People building these things are trying to oversell their achievements while carefully avoiding making them easy to check, reproduce, or objectively compare to others. It's hard to objectively evaluate even for people who work in the field but haven't worked on the exact technology platform reported on. Metrics are taylored to marketing goals, for example, IBM made up a performance metric called "quantum volume", only to basically stop using it when it seemed to no longer favour them.
That being said, it's also undeniable that quantum computing is making significant progress, error correction being a major milestone. What this ends up being actually used for, if anything, remains to be seen (I'm rather sure we'll find something).
- I worked on a quantum computer for several years and can speak to this a bit: sorta.

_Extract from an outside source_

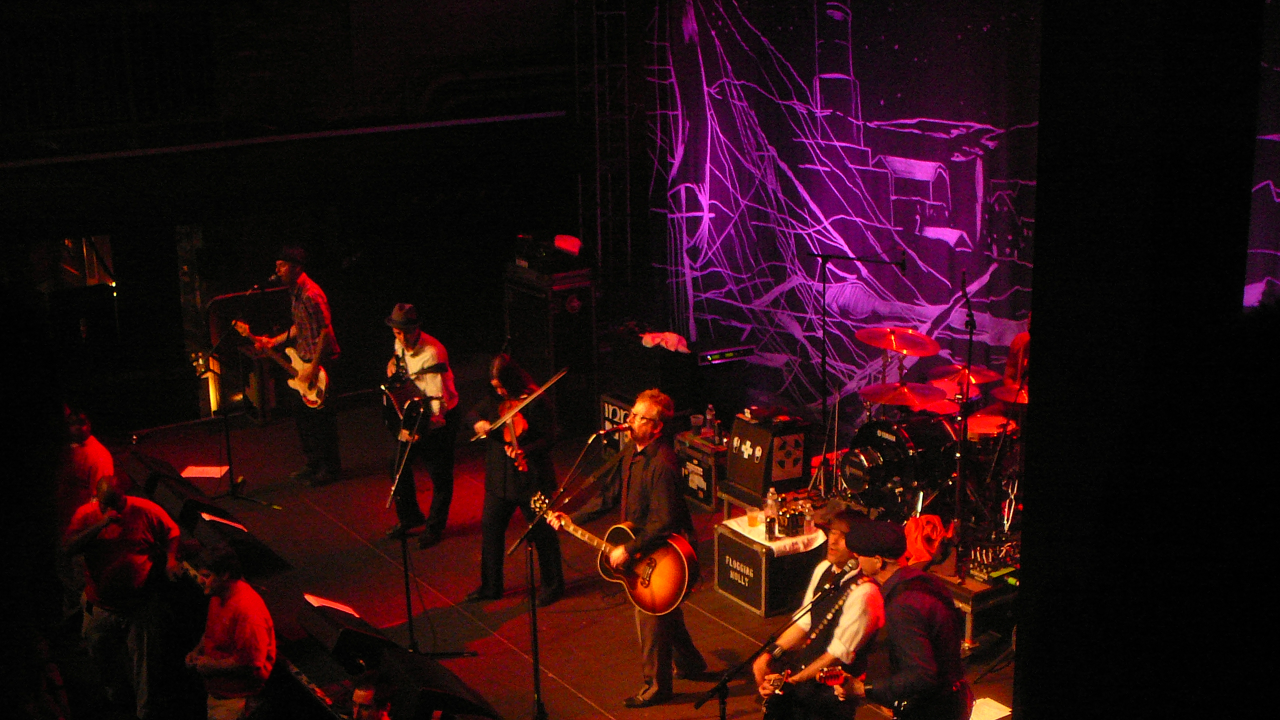 Flogging Molly performing live at Rams Head Live in Baltimore, MD
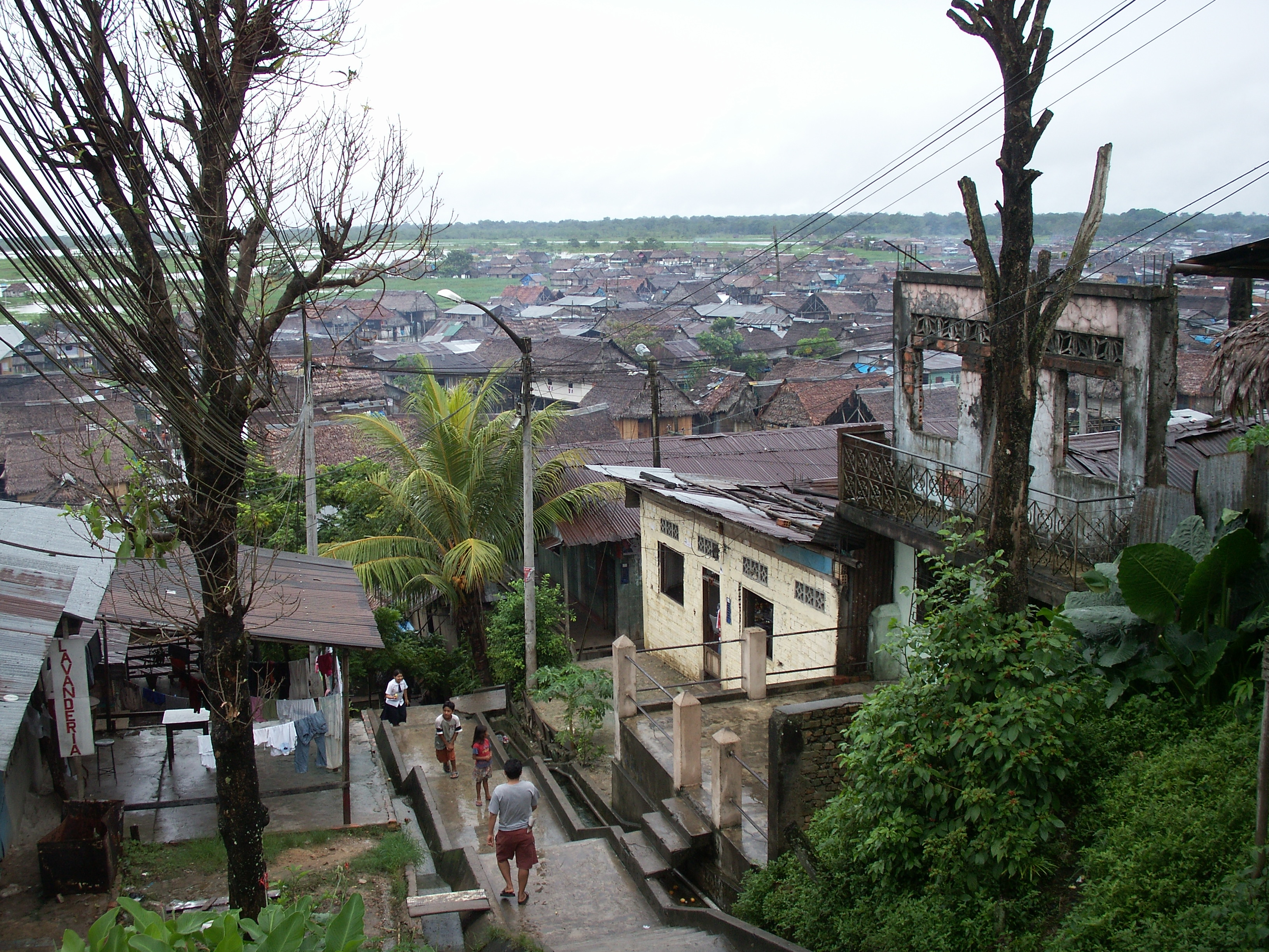 View from Belen Market. Photograph by Jorge Mori.

They're functionally equivalent in the sense that you can do the same computations, usually, but there are a ton of details that make how each particular modality behave. Things like gate fidelities (how good the gates are), how fast the gates can "execute", how long it takes to initialize the quantum state so you can execute gates, how long decoherence times (how long before the quantum state is lost) are, and many (many) other differences. Some modalities even have restrictions on what qubits can interact with other qubits which will, among other things, impact algorithm design.
- Also the error correction strategies that are available to different architectures/platforms can make a huge difference in the future.
- Yup! Though error correction was not something I spent a lot of time on. I worked primarily on "quantum OS" (really, just AMO control systems) so wasn't thinking much on the theoretical side of things.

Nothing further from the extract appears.